WHAT YOU NEED TO DO
Your task is to copy the listing exactly, with the pictures left out.

RECORDS FOR THIS TASK
· · · ·

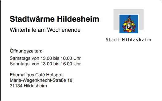 E-Mail-Kontakt: Wohnungslosenhilfe@stadt-hildesheim.de
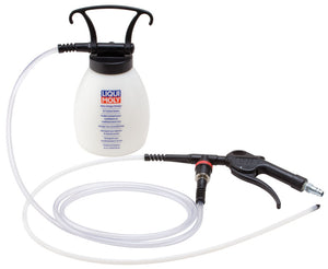 Aspecial tool for the application of the LIQUI MOLY A/C System Cleaning Fluid (part no. 20001). Produces a circular spray pattern to allow proper cleaning of evaporator. The reservoir uses a quick connector for easy hook-up and handling during application.
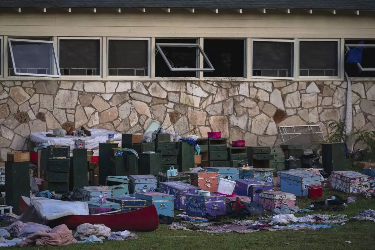 The belongings of campers sit outside one of Camp Mystic's cabins near the Guadalupe River in Hunt, Texas, on Monday, July 7, 2025, after a deadly flash flood swept through the area. (AP Photo/Eli Hartman)
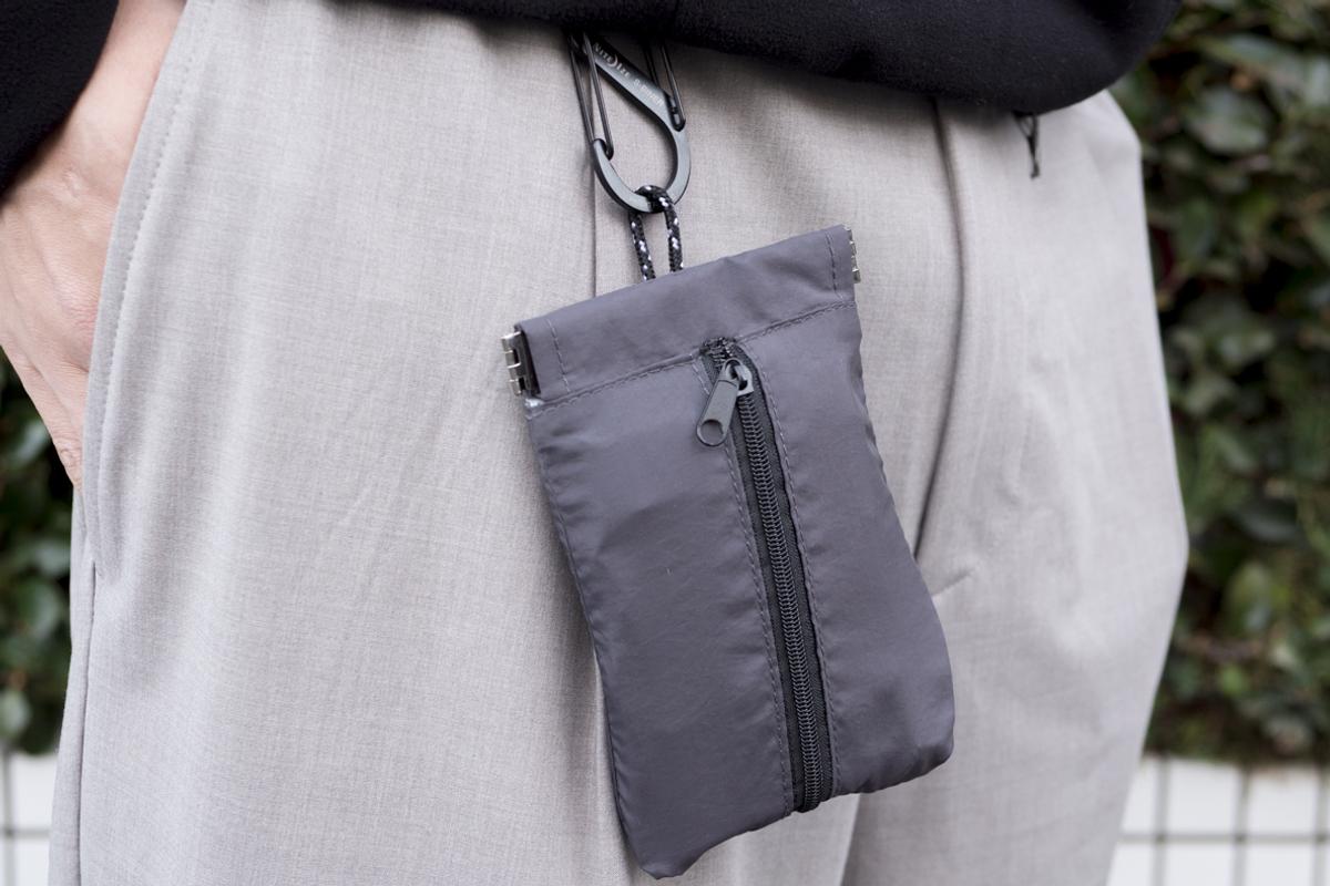 バッグやパンツに吊るして、ポケットティッシュ&ゴミ入れをサッと使えるようにしてくれるダイソーの「ポケットティッシュも入るユーティリティバネ口ポーチ」。
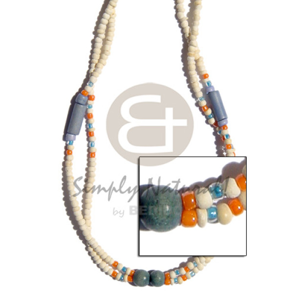 2-3mm 2 rows coconut bleached white Pukalet blue wood tube and balls/glass beads alt..

· · · ·

WRITTEN RESPONSE
 E-Mail-Kontakt: Wohnungslosenhilfe@stadt-hildesheim.de
 Aspecial tool for the application of the LIQUI MOLY A/C System Cleaning Fluid (part no. 20001). Produces a circular spray pattern to allow proper cleaning of evaporator. The reservoir uses a quick connector for easy hook-up and handling during application.
 The belongings of campers sit outside one of Camp Mystic's cabins near the Guadalupe River in Hunt, Texas, on Monday, July 7, 2025, after a deadly flash flood swept through the area. (AP Photo/Eli Hartman)
 バッグやパンツに吊るして、ポケットティッシュ&ゴミ入れをサッと使えるようにしてくれるダイソーの「ポケットティッシュも入るユーティリティバネ口ポーチ」。
 2-3mm 2 rows coconut bleached white Pukalet blue wood tube and balls/glass beads alt..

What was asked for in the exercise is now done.